====== EXCERPTED DATA

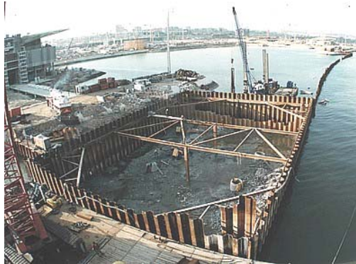
Ensecadeira da eclusa Lock cofferdam
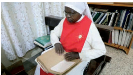
Morgengebet mit Buch in Brailleschrift

Tini: Sie führen ein kontemplatives Leben mit viel Anbetung des Allerheiligsten Altarsakramentes, sind aber auch aktiv in der Katechese tätig, begegnen den Menschen und sprechen mit ihnen über Jesus. „Wir opfern unseren Mangel an Sehkraft Gott für die Brüder und Schwestern auf, die die Wahrheit noch nicht kennen, damit sie Gott, das Licht der Welt, erfahren können“, sagt eine der Schwestern.
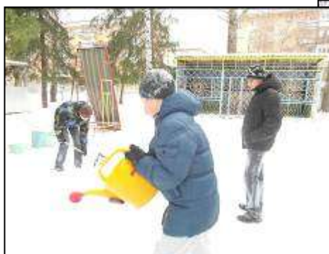
7 «г» класс делает горку в садике №39.

В начале декабря в нашей школе прошла акция "10 000 добрых дел". В ней приняли участие целых 35 классов! Каждый внёс свой посильный вклад. Первоклашки ухаживали за цветами. Старшеклассники помогали пожилым людям: оказывали помощь в уборке квартиры, собирали тёплые вещи, украшали к праздникам залы благотворительных организаций. Наши ребята побывали в детских садах, в Доме ребёнка, в Центрах социальной помощи. Акция показала, что в нашей школе учатся добрые, отзывчивые, неравнодушные к чужим проблемам дети! О них – наш фоторепортаж.
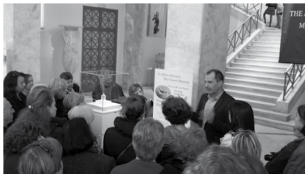
«Το Δαχτυλίδι του Θησέα»: Παρουσίαση του πρώτου εκθέματος του «Αθέατου Μουσείου».
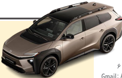
نان توپوتا و هوندا آجر شد

صاحب امتیاز: موسسه مطبوعاتی دانش پیام بامداد نوین مدیر مسئول: کریم حسن پور سر دبیر: جمشید بیرامی چاپ: جام جم آدرس: تهران، بلوار مرزداران، خیابان البرز، البرزیکم، پلاک ۶ تلفن: ۰۲۱-۴۹۱۰۵۰۰۰ Gmail: Avaayeeghtesad@gmail.com گستره توزیع: سراسری شرکت توزیع: نشر گستر
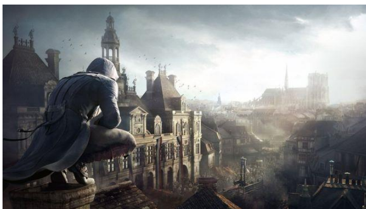
Slika 16. Igra Assassin's Creed
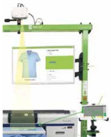
Tree EPS Sistema de Posicionamiento
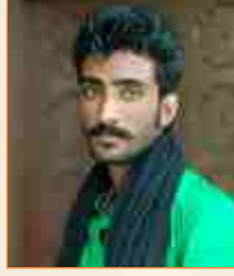
સવજલાલ સામજલાલ લીલ ચાંપાર (ખડીર) : સીંધી કલામ - આરાધીવાણી
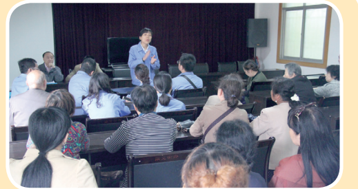
5月26日,机关党支部第二党小组走进洪境小区开展供水工作宣传。
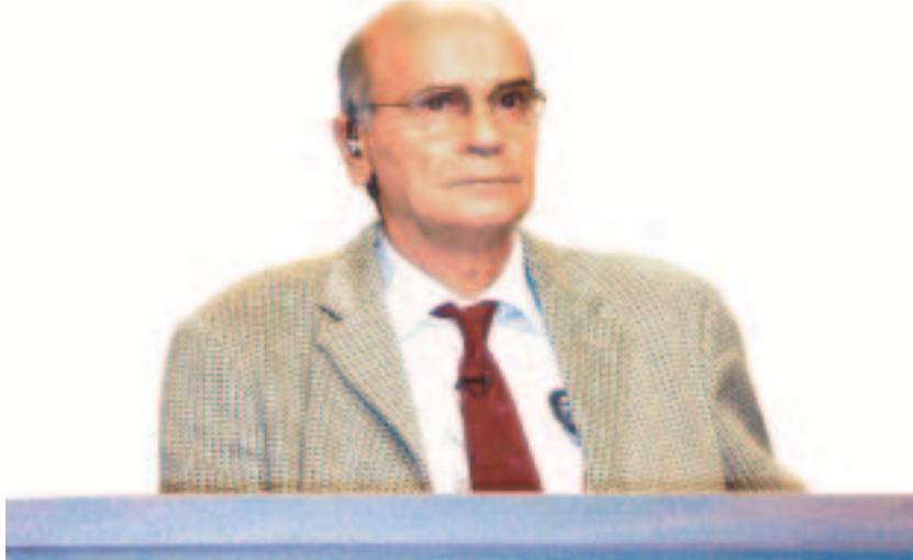
Drauzio Varella, no debate sobre violência urbana

No Teatro Bacelar , da UNIP, foi realizado o sétimo de nove programas da série SP 450 anos/A Paulicéia em debate . O tema foi “Violência urbana”.
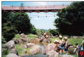
茨城町 潤沼自然公園 遠近の緑との自然を丸ごとアウトドア施設にした公園です。約34haの広さの中には、遊泳を一望できる「太陽の広場」。1階・2階の両方に、最新の展示内容。最新の展示内容。最新の展示内容。最新の展示内容。 Hinuma Natural Park 潤沼自然公園 이바라기현 자연공원
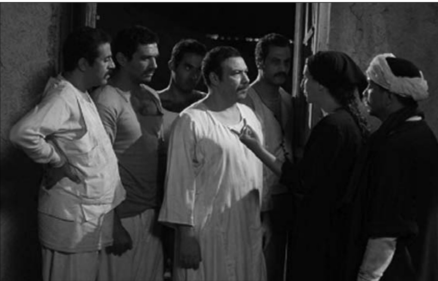
لقطة من فيلم «كف القمر»

شملهم تحت سقف واحد هي نفسها التي فرقت معهم في غياب الدليل والقوة وجعلتهم عرضة للاستبداد لا سيما أن الشقيق الأكبر يحرف عن المسار الصحيح ويات مشغول بما يؤمن بحياته ويضمن له الثروة، وقد استغرفته الحياة بتفصيلها فلم يستطع إحكام قبضته على إخوته كما كان فانفرط العقد وكان في انتظار كل منهم جريمة فضاخ وبكر وجوده ويس توعدت نشاطاتهم وغيابهم وفقدوا قنهم في «نكري» شقيقهم الأكبر واعلنوا عصيانهم عليه إلا أنه ظل حريصاً عليهم ولكن حرصاً زاهم عناداً فهم يرفضون الوصاية وينزعون إلى الحرية والاستقلال وهي الإشكالية التي كانت محور الأحداث، الفرق بين الحماية والوصاية وحدود تطبيق كل منهما دون إشعار الأطراف الأخرى بالقعق فتمه أوامر كثيرة تربط كل الشخصيات ببعضها، أولها صلة الرحم والتمائم الرجعية واحدة تمثلها الأم التي يوصيها بهم الحنين المتأرجح بجعد السافات ويوصلهم بها الدم الجاري في عروقهم الواصل من كفتها إلى كوفهم وأجسادهم، غير أن الأحقاد المترسبة في النفوس أكبر من محاولات الإقواء ومهارات
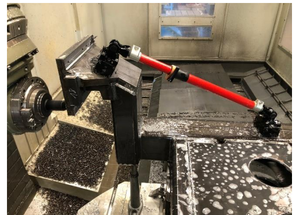
Anwendungsbeispiel auf ZAYER Xios G
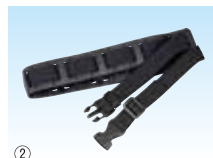
② 清涼ファン風雅ボディ2 ベルト
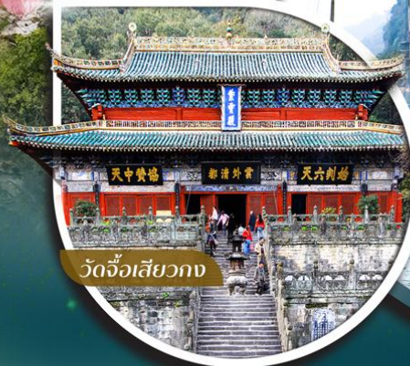
วัดจื่อเสียวกวง
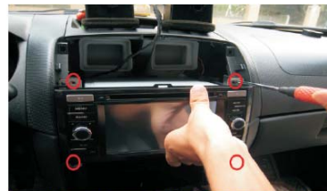
30 将线束插上，如图所示将主机的固定螺丝打上
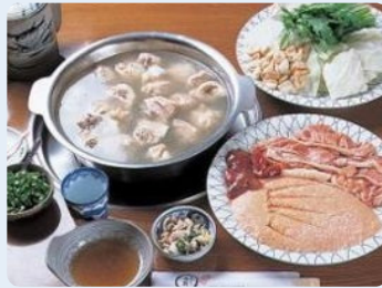
標準的な水炊きの具材。 博多の水炊きは安くて美味しい。
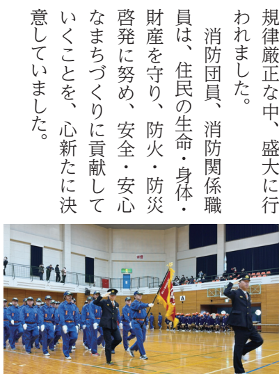
▲第1分団（木佐木校区）の分列行進

新春恒例の令和8年大木町消防出初式が1月11日に行われました。消防団員、消防関係職員などが参加し、式典では来賓による祝辞や消防功労者に対する表彰が行われました。 また、式典のアトラクションでは大木中学校吹奏楽部による演奏や、大莞少年消防クラブによる大莞若獅子まとい太鼓、上牟田口獅子舞保存会による獅子舞、第3分団（大莞校区）による大木町消防団伝統の「馬簾廻し」が催され、規律厳正な中、盛大に行われました。
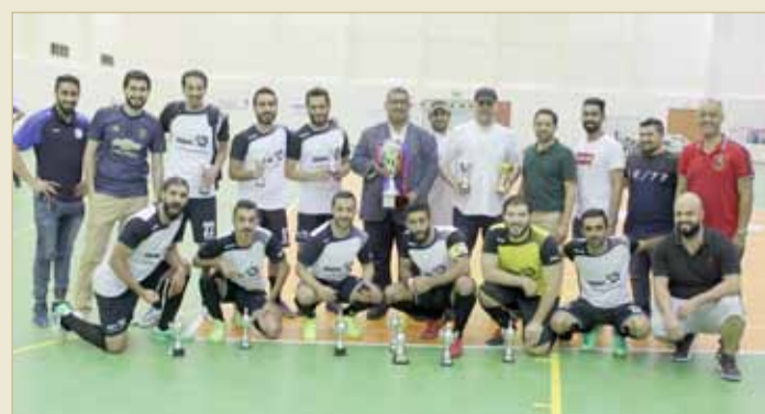
فريق بنك البحرين والكويت بطل دوري البنوك
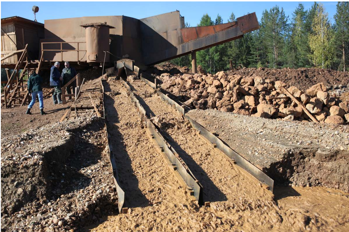
Работа старателей (Au, Pt, Ir, Os и т.д.) на Исе. Землю привозят грузовиками из карстовых участков, где была обнаружена Pt.
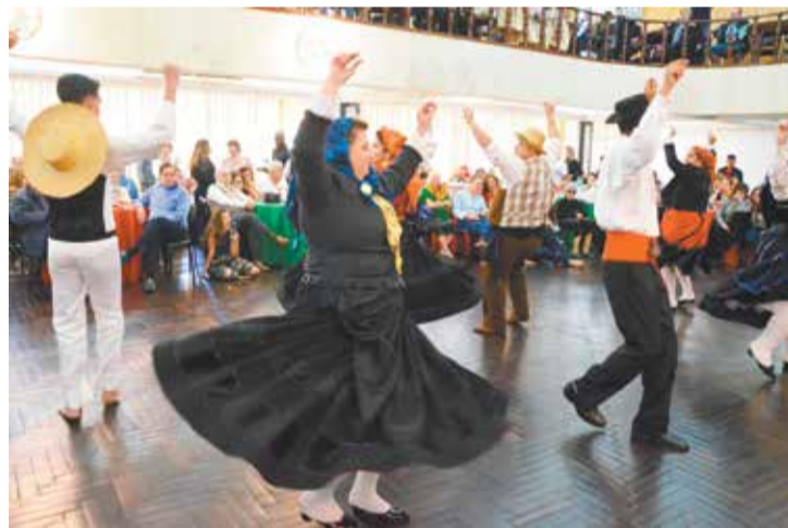
O Grupo Folclórico Serões das Aldeias cada vez melhor sempre empolgando o público
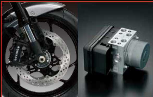
對向四活塞卡鉗+ABS剎車系統

DOHC引擎擁有絕佳的燃燒效率，能在動力與燃油排放間取得最佳平衡，實現低阻抗、高效率，於低轉速以及高轉速皆能輸出飽滿力道。

============

> **TASK INSTRUCTIONS**
Look above for the line with "فريق بنك البحرين والكويت بطل دوري البنوك" and the line with "O Grupo Folclórico"; set down those two lines and all lines between them exactly, without pictures and without anything else.

> **TASK SOLUTION**
فريق بنك البحرين والكويت بطل دوري البنوك
Работа старателей (Au, Pt, Ir, Os и т.д.) на Исе. Землю привозят грузовиками из карстовых участков, где была обнаружена Pt.
O Grupo Folclórico Serões das Aldeias cada vez melhor sempre empolgando o público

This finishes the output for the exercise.